Gli insegnanti hanno trovato graffiti scritti sui muri delle scuole e anche su elaborati di esame che invocavano la “Morte agli Arabi”.
Secondo il rapporto, uno studente di una scuola di Tel Aviv aveva confessato al suo insegnante durante la lezione che il suo sogno era di diventare un soldato, così da poter sterminare tutti gli Arabi; molti studenti della sua classe lo avevano applaudito a suo sostegno. Questo, per non poco conto, è il risultato diretto dei programmi di studio di una scuola israeliana razzista, mediante i quali i bambini ebrei vengono regolarmente indottrinati.
Nel suo discorso al Congresso, il primo ministro Netanyahu ha diagnosticato opportunamente la situazione sul terreno. Egli ha dichiarato: “Il conflitto fra noi e i Palestinesi non è mai stato sulla creazione di uno Stato palestinese. È sempre avvenuto sull’esistenza dello Stato ebraico.”
Si tratta della creazione di uno “Stato-colonia” di coloni ebrei, che i Palestinesi dovrebbero accettare per garantire il futuro ai bambini ebrei e mettere fine ad un futuro per i bambini palestinesi.
Infatti è proprio il rifiuto degli Arabi ad accettare l’arabopedofobia che costituisce il più grande ostacolo alla pace nella regione. Obama spera che un bantustan palestinese potrebbe limitare la minaccia che i bambini palestinesi costituiscono per l’incubo rappresentato dallo “Stato ebraico e democratico”. Egli si rende conto che il mondo non può più pretendere di sostenere l’universalismo, mentre approva il diritto di Israele ad imporre discriminazioni contro i non-Ebrei.
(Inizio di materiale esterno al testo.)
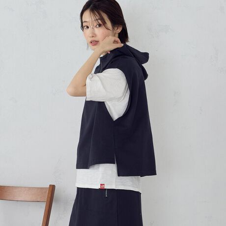 裏毛素材のフード付きベストと半袖Tシャツのセット商品です。
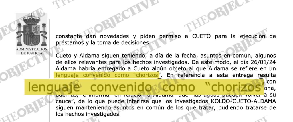 En los albores de aquella investigación aparecían reflejados detalles que ahora, un año y medio después, siguen haciendo referencia a la presunta operativa de la trama para evitar hablar abiertamente de dinero. Esa jerga ha sido claramente identificada por la UCO como un «lenguaje convenido». En el caso de Aldama, en ese primer informe se capta una conversación de 2023 entre uno de los hombres clave del caso mascarillas, el empresario Cueto, con su socio Víctor de Aldama. Hablan de ver cuántos «chorizos me traen». Los investigadores sospechan que estaban hablando de dinero en negro, de billetes que les iban a entregar para repartir procedentes de algún pago previo por sus gestiones.
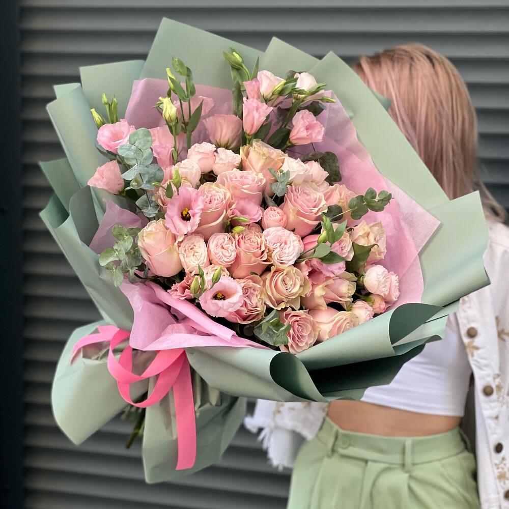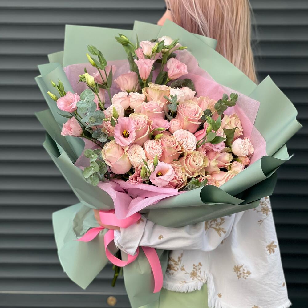 Альстромерии, Гвоздики, Кустовые розы, Лизиантусы, Розы, Хризантемы
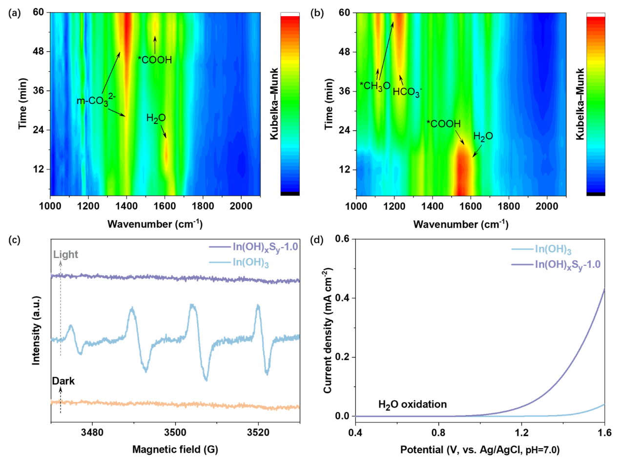 此外,表面硫位點(diǎn)的引入,還有效地增強(qiáng)了In(OH)xSy-1.0樣品對CO2分子的吸附與活化能力。相比于In(OH)3樣品,CO2分子更易在In(OH)xSy-1.0樣品表面活化生成CO2甲烷化的關(guān)鍵中間物種*CH3O(圖8a-b)。不僅如此,由于摻雜硫?qū)n(OH)xSy-1.0樣品價帶位置的調(diào)控,這降低了其價帶對水的氧化能力,促進(jìn)了In(OH)xSy-1.0樣品對水氧化生成質(zhì)子的過程,抑制了水氧化生成羥基自由基(?OH)的過程(圖8c-d),從而避免了羥基自由基對關(guān)鍵中間物種*CH3O的潛在氧化過程,繼而實(shí)現(xiàn)了CO2甲烷化過程的持續(xù)進(jìn)行。

Nel suo discorso all’AIPAC, è andato ben oltre, quando ha dichiarato alla lobby israeliana che tutto il mondo, tra cui l’Asia, l’America Latina, l’Europa (e avrebbe potuto aggiungere l’Africa, che ha inspiegabilmente esclusa) e il mondo arabo non possono più tollerare il razzismo istituzionalizzato di Israele; e che attualmente sono solo gli Stati Uniti a stare al fianco di Israele.
Chiaramente, l’amore di Obama per i bambini ebrei non conosce limiti. Le sue opinioni arabopedofobiche, tuttavia, non sono accidentali, ma sono motivate dal suo grande amore per i “figli di Israele”, un amore che può realizzarsi solo attraverso un odio che si perpetua e la repressione contro tutti gli Arabi, bambini e adulti.